THE QUAD in ASIA

As great power competition intensifies, Asian countries are under pressure to choose between the geopolitical tussle between United States and China. Recognising its waning dominance in the region, Washington is probing the willingness of allies and partners to join an economic coalition in confronting China. China is realigning herself to solidify its commodity supply chains and increase the economic interdependence of other countries in the region so as to become an indispensable player in Asia. In an architectural overarching strategy, Beijing is using its politico-economic power (and military prowess) to weaken the cohesion of the US-led alliance system and bring US allies and partners closer to her orbit, including closer ties with Latin America and Russia.

What is Malaysia posture?

Attesting that the Quadrilateral Security Dialogue (Quad) — comprising the United States,  Japan, Australia and India (latter weakest member; India has to walk-the-talk) — intends to multilateralise the US-led hub-and-spoke alliance system to enable a networked security architecture, in furtherance of the military encirclement of China. The U.S. is dedicating $27 billion to the Pacific Deterrence Initiative  –  a plan to expand the U.S. military stranglehold over Okinawa, Korea, Guam, Hawai’i  – and more importantly, being perceived as a War on China.

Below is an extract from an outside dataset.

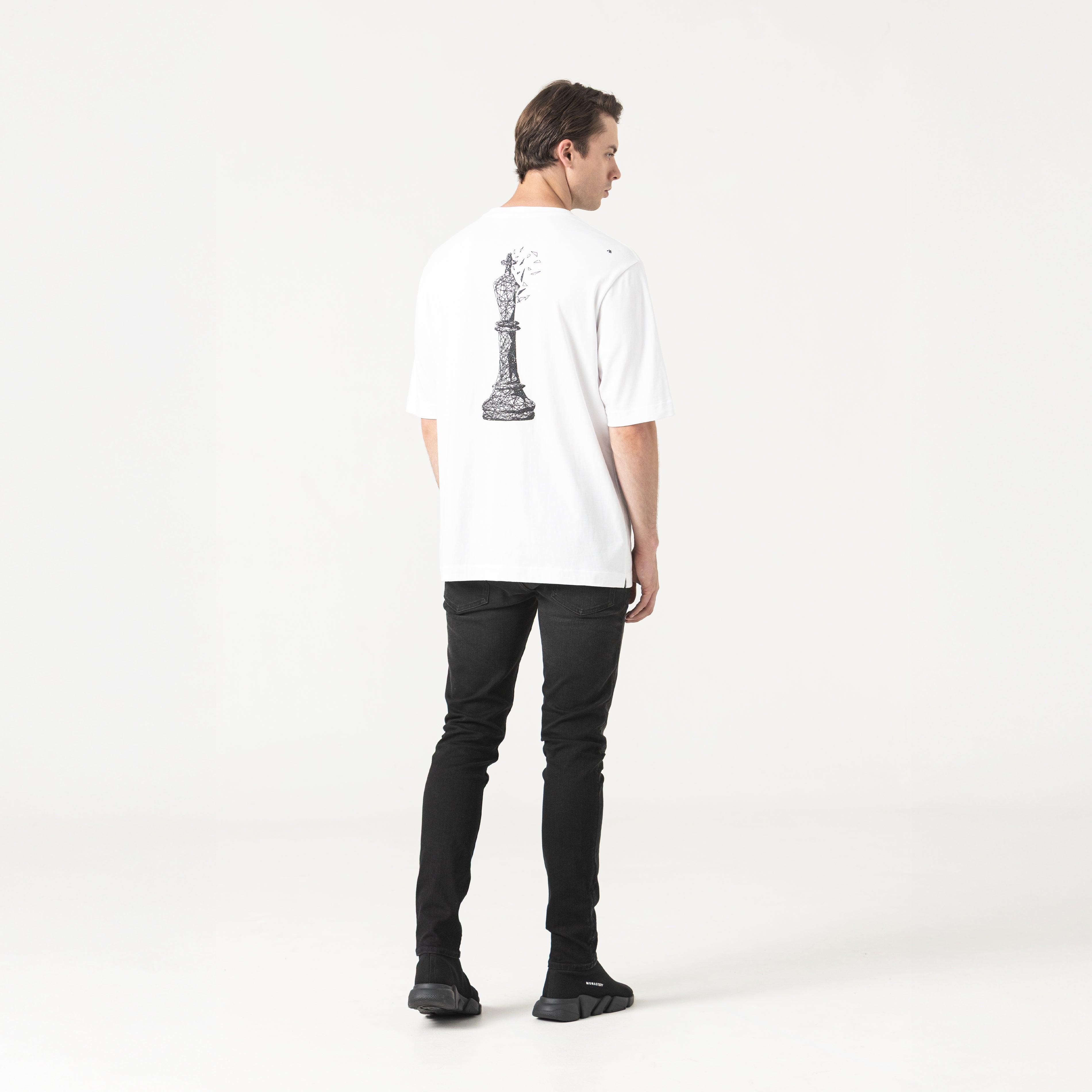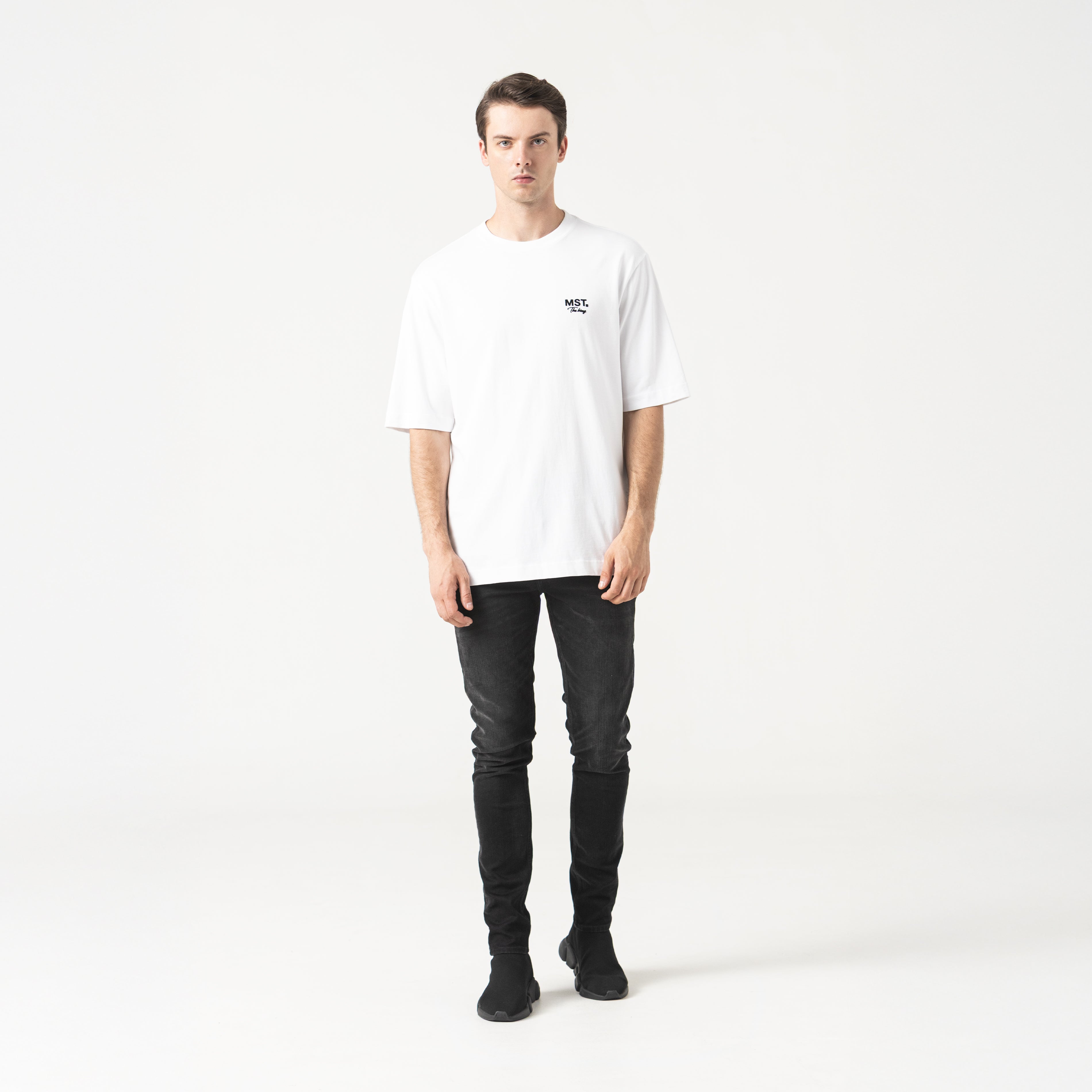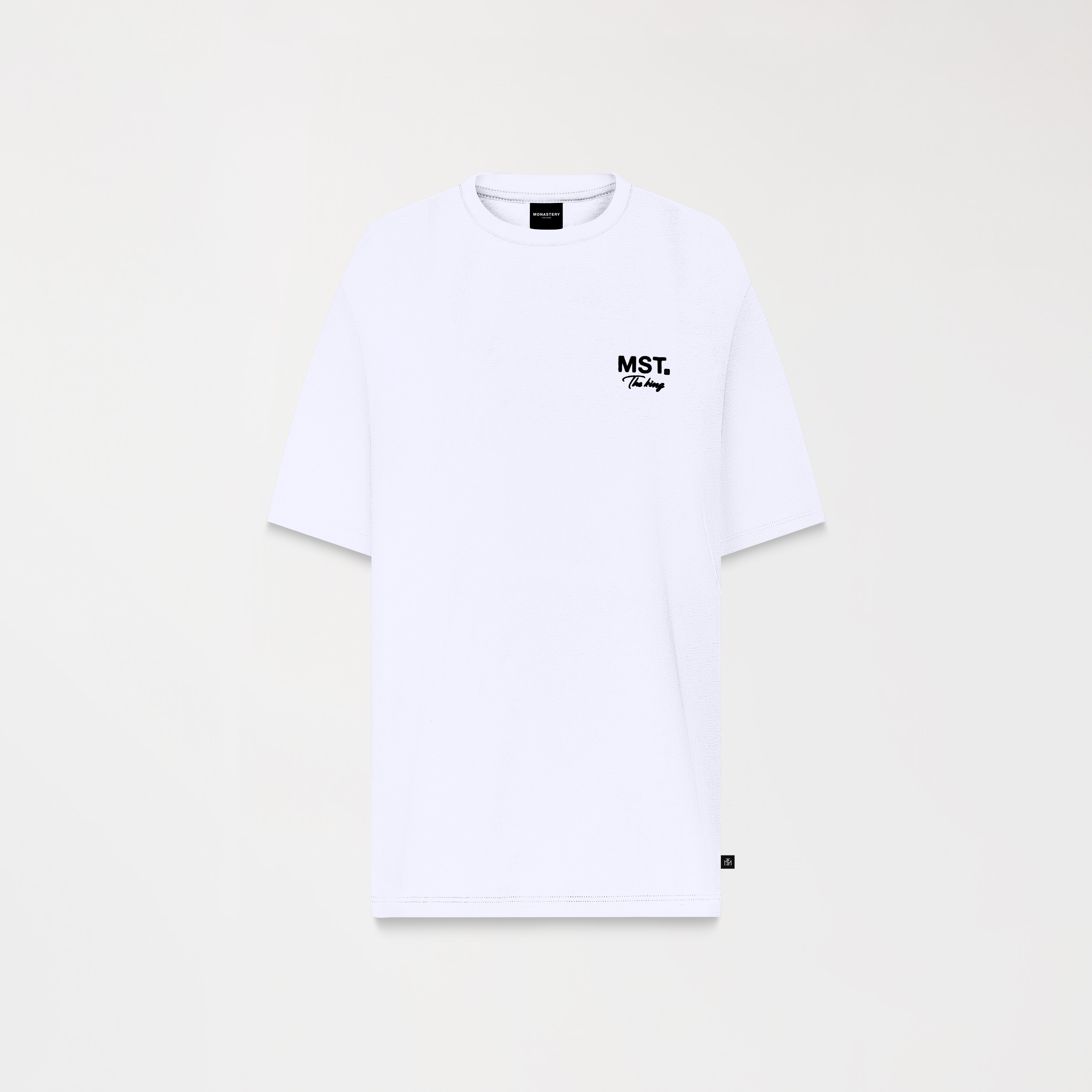 Carlier is a dynamic and versatile men's t-shirt featuring our MST logo in a heart-stitch pattern using a flock technique. On the back, it features a combination of flock and flat weave techniques, creating an art inspired by the king that is reworked to adapt to his new world, becoming a unique and easily recognizable piece of our brand. Crafted in an oversized silhouette in 100% cotton exclusively for Monastery.

Malaysia, like other southeast Asian countries have been reluctant to join QUAD’s initiative; see ASEAN’s;  Further, the uncertainty enmeshed in the US–China trade-tariff confrontation, may temporary gives Malaysia a momentary grace in attracting more foreign investment.

What is Malaysia positioning?

Always remembering that since Majaphahit-Srivijaya empires to the China protectorate status to hinder Siamese incursion into the peninsula to the adventures of Portuguese-Dutch-British colonialism, and later Japanese occuptation, with Britain re-emergence as a neo-colonial administration before gaining “independence”  – has Malaya ever been freed from political domination or Malaysia avoiding the economic stranglehold of monopoly-capitalism from the Global North, and now increasingly under a SOE-GLC ethnocapital and  brotherly relationship positioning that does not brood well to small manufacturing enterprises (SMEs) and local entrepreneurs that constitute 98% of the national economic activities, contributing 40% of GDP.

The future of US-China relationship – collaterally impacting upon Asia – is to co-exit and collaborate, maintaining competition, and prevent conflict, even as the USA admitted – admist inherent weaknesses – her politico-economic stance. The better alternative would be to restore U.S. technology leadership, rebuild its supply chains, and improve self industrial competitiveness than to muddle in the Pacific affairs as China goes through its dual circulation economy so that Asia has a less bumpy intra-trade ride ahead – and better not to prepare for war with China.